BEGIN TASK INPUT
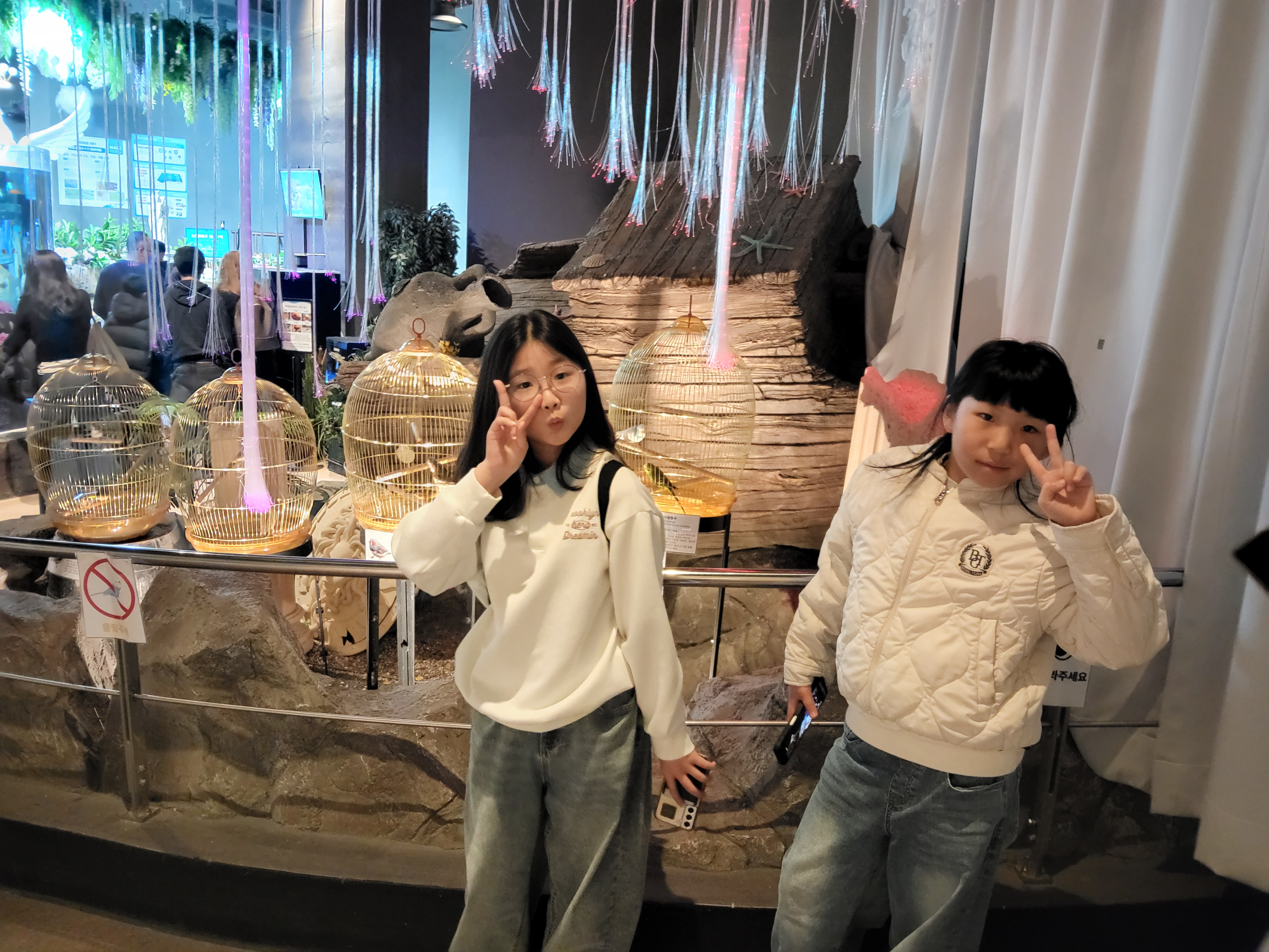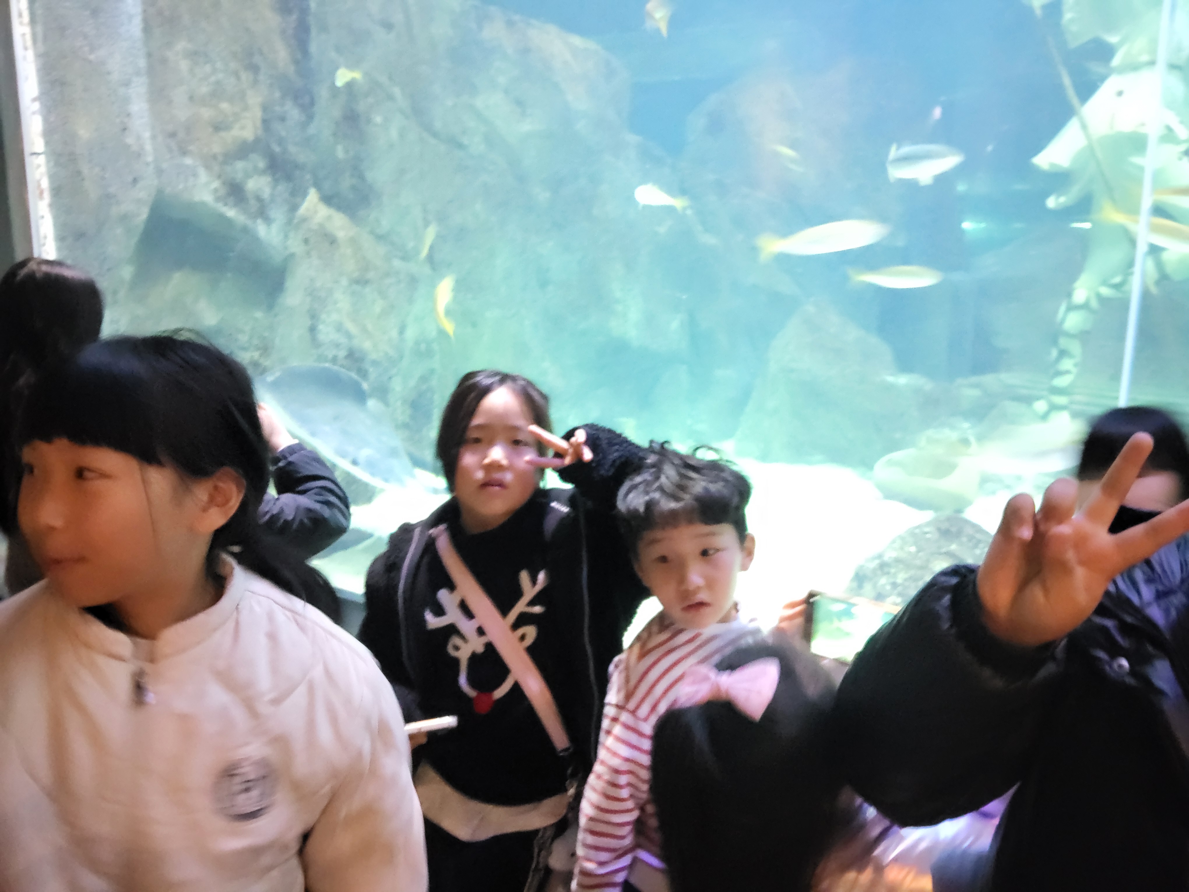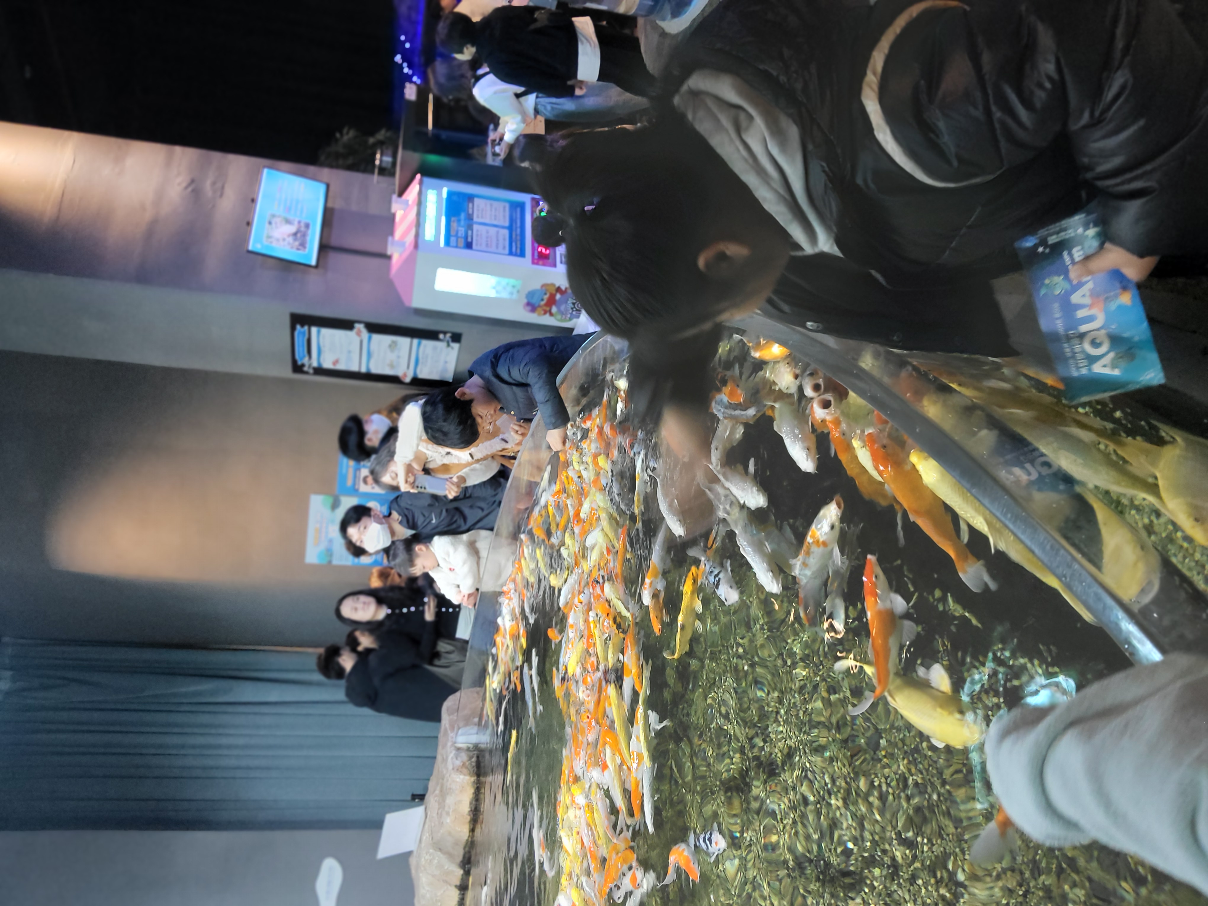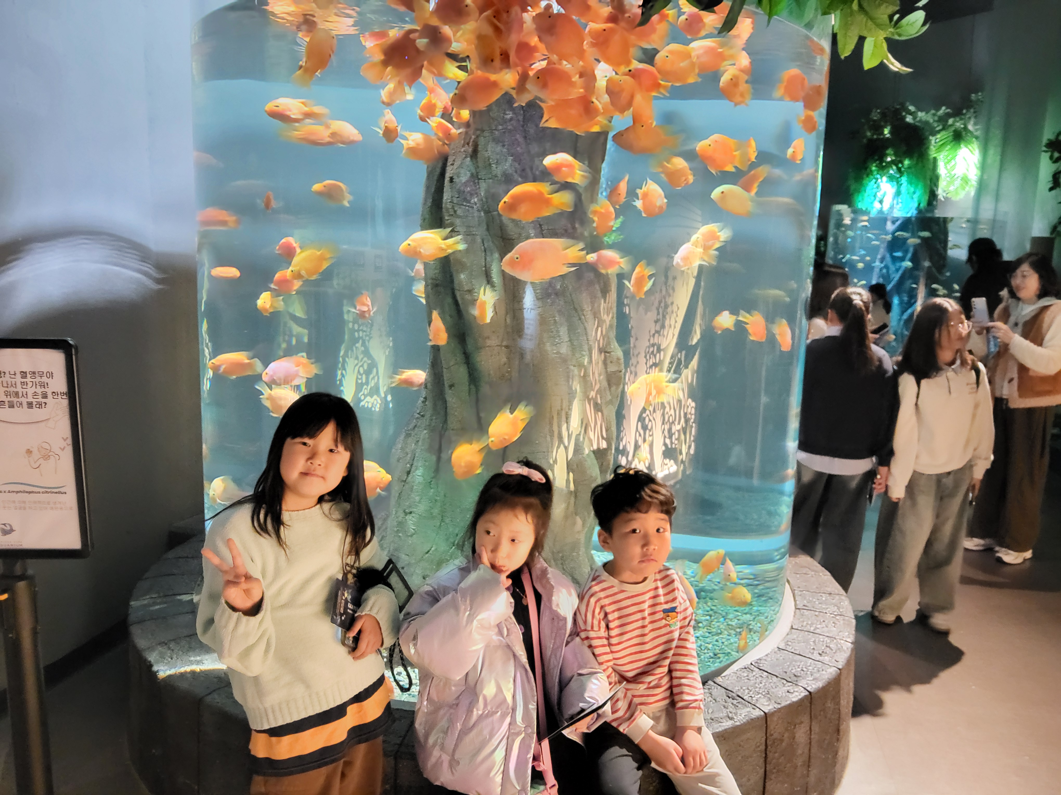 식사 후 아쿠아리움에 도착하여 본격적인 체험활동을 진행하였다. 먼저 피딩 공연(물고기 먹이 주기 공연)을 관람하였다. 대형 수조 속 다양한 어종이 먹이를 먹는 장면이 펼쳐지자 아동들은 감탄사를 연발하며 높은 관심을 보였다. 일부 아동은 “왜 큰 물고기가 더 빨라요?”, “상어는 무엇을 먹어요?” 등 생태와 관련된 질문을 적극적으로 하였으며, 해양생물에 대한 호기심이 자연스럽게 확장되는 모습을 보였다.
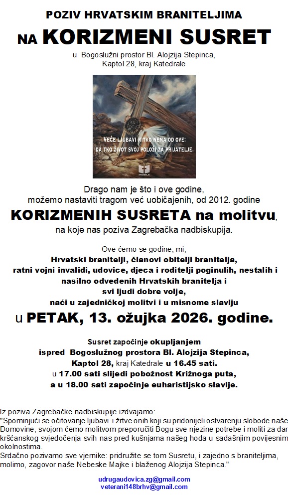 POZIV HRVATSKIM BRANITELJIMA NA KORIZMENI SUSRET
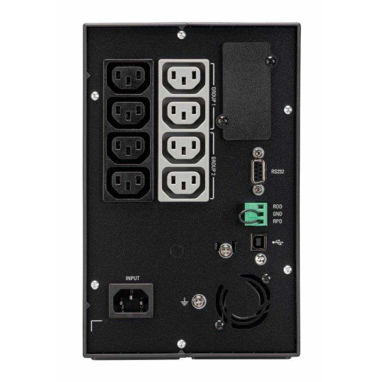 | Speciální funkce | Automatická regulace napětí (AVR) Energetická účinnost, snížení nákladů na energii a chlazení Poskytuje čistý sinusový výstup 1 slot pro volitelnou com kartu (karta pro správu sítě, reléová karta nebo síťová a průmyslová karta) Kompatibilní s virtuálními prostředími (VMware, Hyper-V, Citrix Xen, Redhat). Plná integrace se softwarem Eaton Intelligent Power Manager 1 port USB + 1 sériový port Technologie Advanced Battery Management (ABM) pro zvýšení životnosti baterie Grafický displej LCD nové generace Baterie vyměnitelné za provozu Vzdálený restart a optimalizace doby provozu díky 2 spravovatelným skupinám zásuvek Konektory pro dálkové zapnutí/vypnutí a dálkové vypnutí napájení |
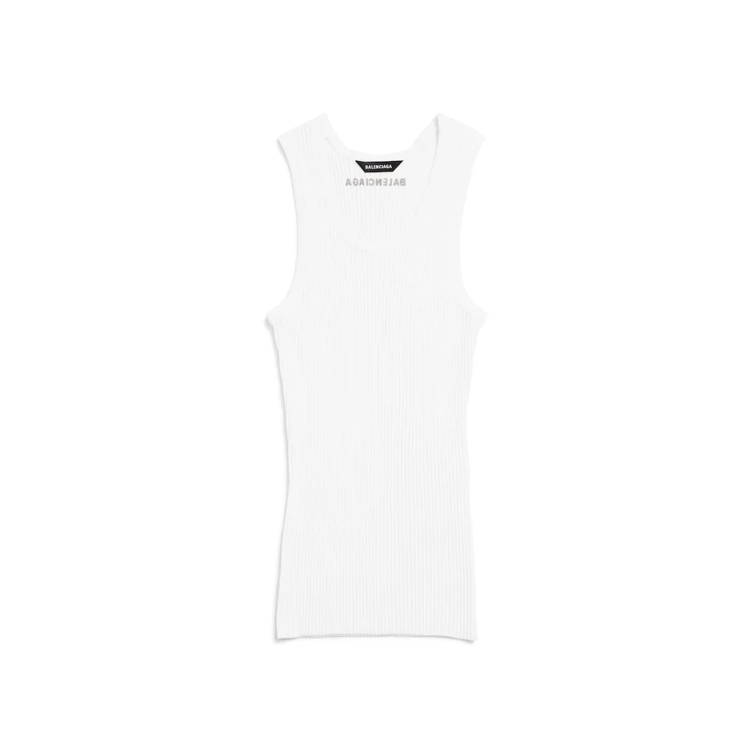 Tank Top in white classic knit wool PRODUCT DETAILS • Classic rib knit • Crewneck • Sleeveless • Ribbed finishing • Balenciaga logo embroidered at back • Made in Italy Main material: 90% wool, 8% polyamide, 2% elastane
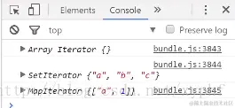下面我们举个例子,先声明三个常量,分别是一个数组和一个set和一个map,分别给它们初始化一些数据,之后我们用三个常量保存一下 Iterator 接口,并且执行一下这个函数
END TASK INPUT
*WORK ORDER*
Pictures in the records above should not be copied. Repeat everything else exactly.

*EXERCISE SOLUTION*
 식사 후 아쿠아리움에 도착하여 본격적인 체험활동을 진행하였다. 먼저 피딩 공연(물고기 먹이 주기 공연)을 관람하였다. 대형 수조 속 다양한 어종이 먹이를 먹는 장면이 펼쳐지자 아동들은 감탄사를 연발하며 높은 관심을 보였다. 일부 아동은 “왜 큰 물고기가 더 빨라요?”, “상어는 무엇을 먹어요?” 등 생태와 관련된 질문을 적극적으로 하였으며, 해양생물에 대한 호기심이 자연스럽게 확장되는 모습을 보였다.
 POZIV HRVATSKIM BRANITELJIMA NA KORIZMENI SUSRET
 | Speciální funkce | Automatická regulace napětí (AVR) Energetická účinnost, snížení nákladů na energii a chlazení Poskytuje čistý sinusový výstup 1 slot pro volitelnou com kartu (karta pro správu sítě, reléová karta nebo síťová a průmyslová karta) Kompatibilní s virtuálními prostředími (VMware, Hyper-V, Citrix Xen, Redhat). Plná integrace se softwarem Eaton Intelligent Power Manager 1 port USB + 1 sériový port Technologie Advanced Battery Management (ABM) pro zvýšení životnosti baterie Grafický displej LCD nové generace Baterie vyměnitelné za provozu Vzdálený restart a optimalizace doby provozu díky 2 spravovatelným skupinám zásuvek Konektory pro dálkové zapnutí/vypnutí a dálkové vypnutí napájení |
 Tank Top in white classic knit wool PRODUCT DETAILS • Classic rib knit • Crewneck • Sleeveless • Ribbed finishing • Balenciaga logo embroidered at back • Made in Italy Main material: 90% wool, 8% polyamide, 2% elastane
下面我们举个例子,先声明三个常量,分别是一个数组和一个set和一个map,分别给它们初始化一些数据,之后我们用三个常量保存一下 Iterator 接口,并且执行一下这个函数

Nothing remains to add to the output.